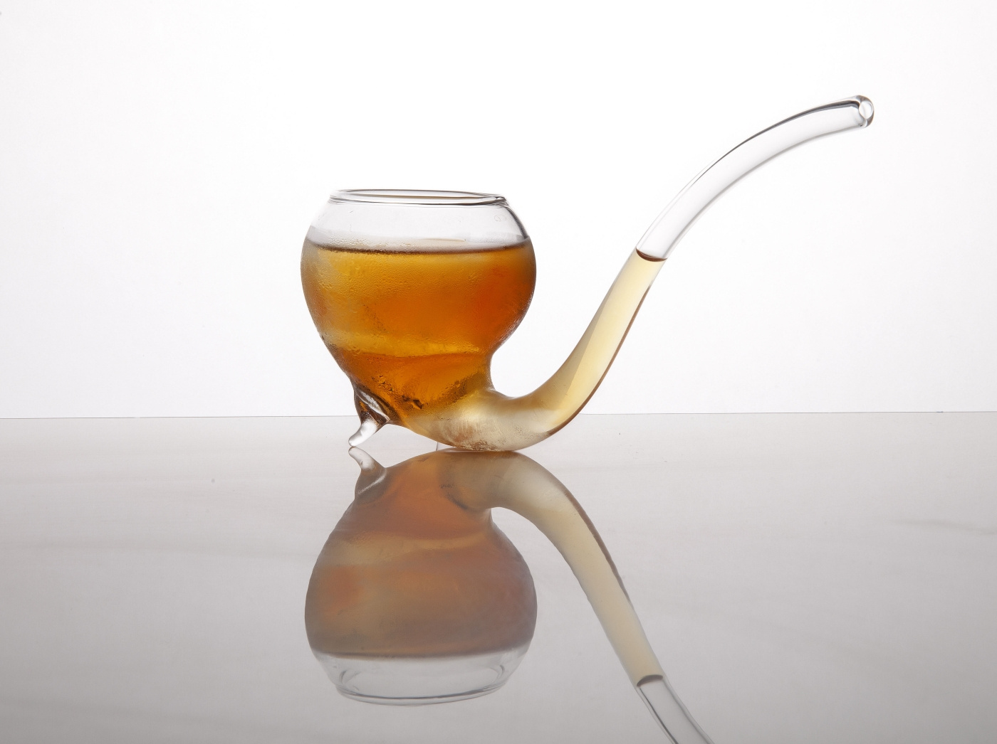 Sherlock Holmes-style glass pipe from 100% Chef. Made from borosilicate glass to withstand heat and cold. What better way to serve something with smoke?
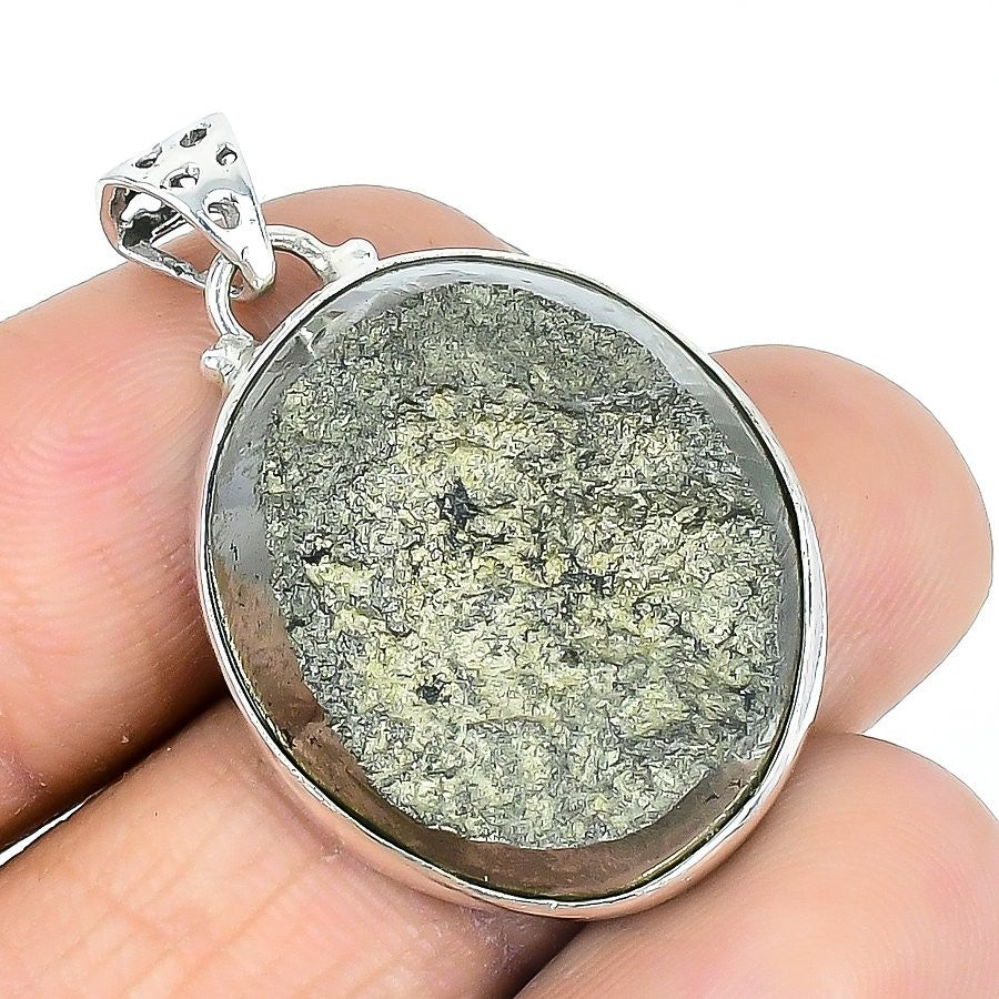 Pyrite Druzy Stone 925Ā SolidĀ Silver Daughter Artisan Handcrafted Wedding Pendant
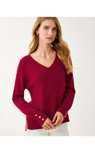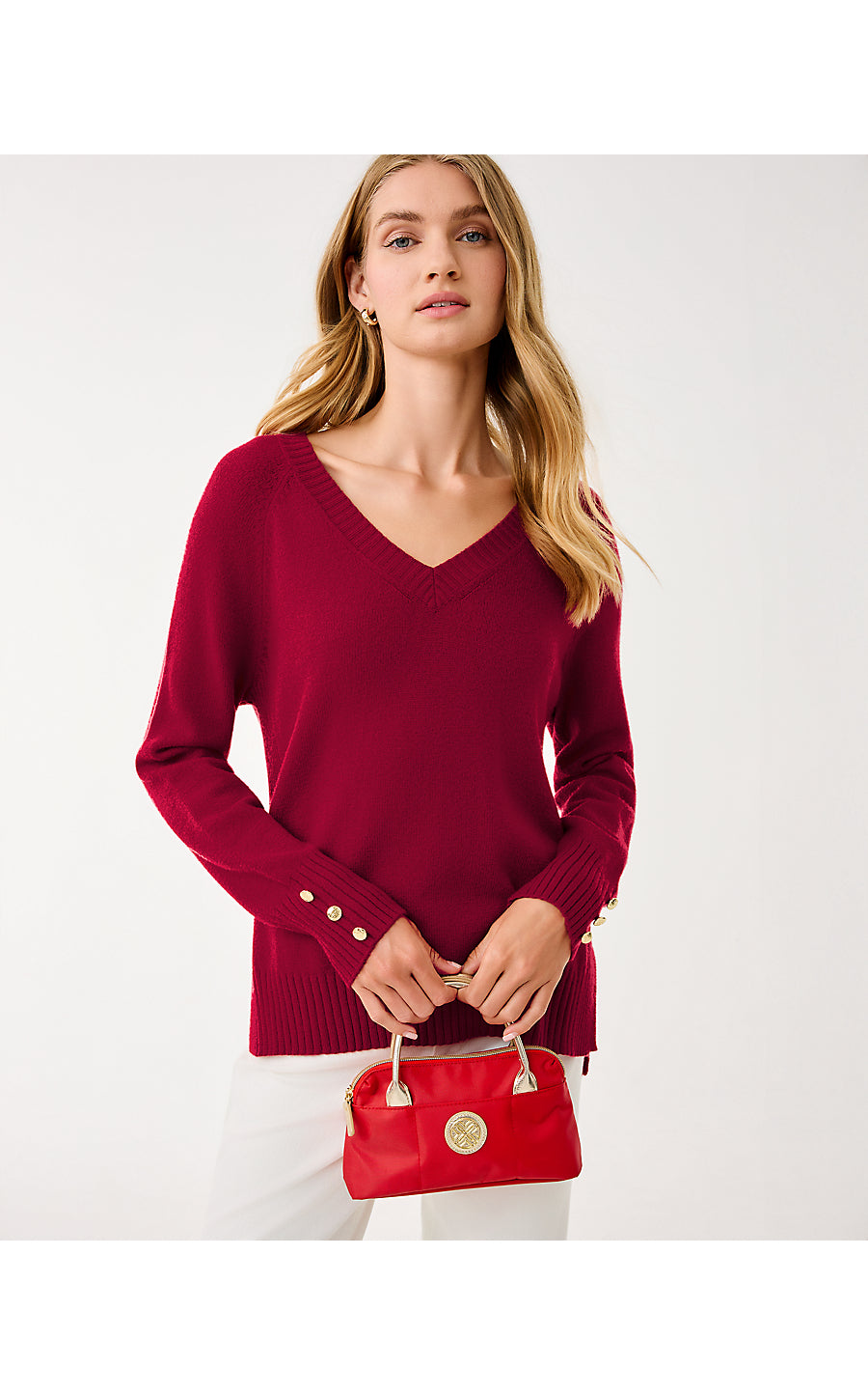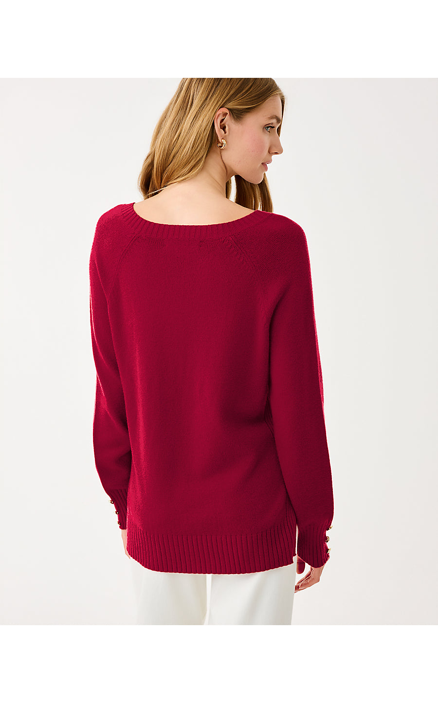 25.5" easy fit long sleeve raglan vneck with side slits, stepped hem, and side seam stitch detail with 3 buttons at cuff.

══════════════════════════════

**WHAT THIS TASK INVOLVES:**
No pictures belong in the copy. Retype exactly, and only, the lines from the line containing "Pyrite Druzy Stone" through the last line of the data, both included.

**TASK RESULT:**
 Pyrite Druzy Stone 925Ā SolidĀ Silver Daughter Artisan Handcrafted Wedding Pendant
 25.5" easy fit long sleeve raglan vneck with side slits, stepped hem, and side seam stitch detail with 3 buttons at cuff.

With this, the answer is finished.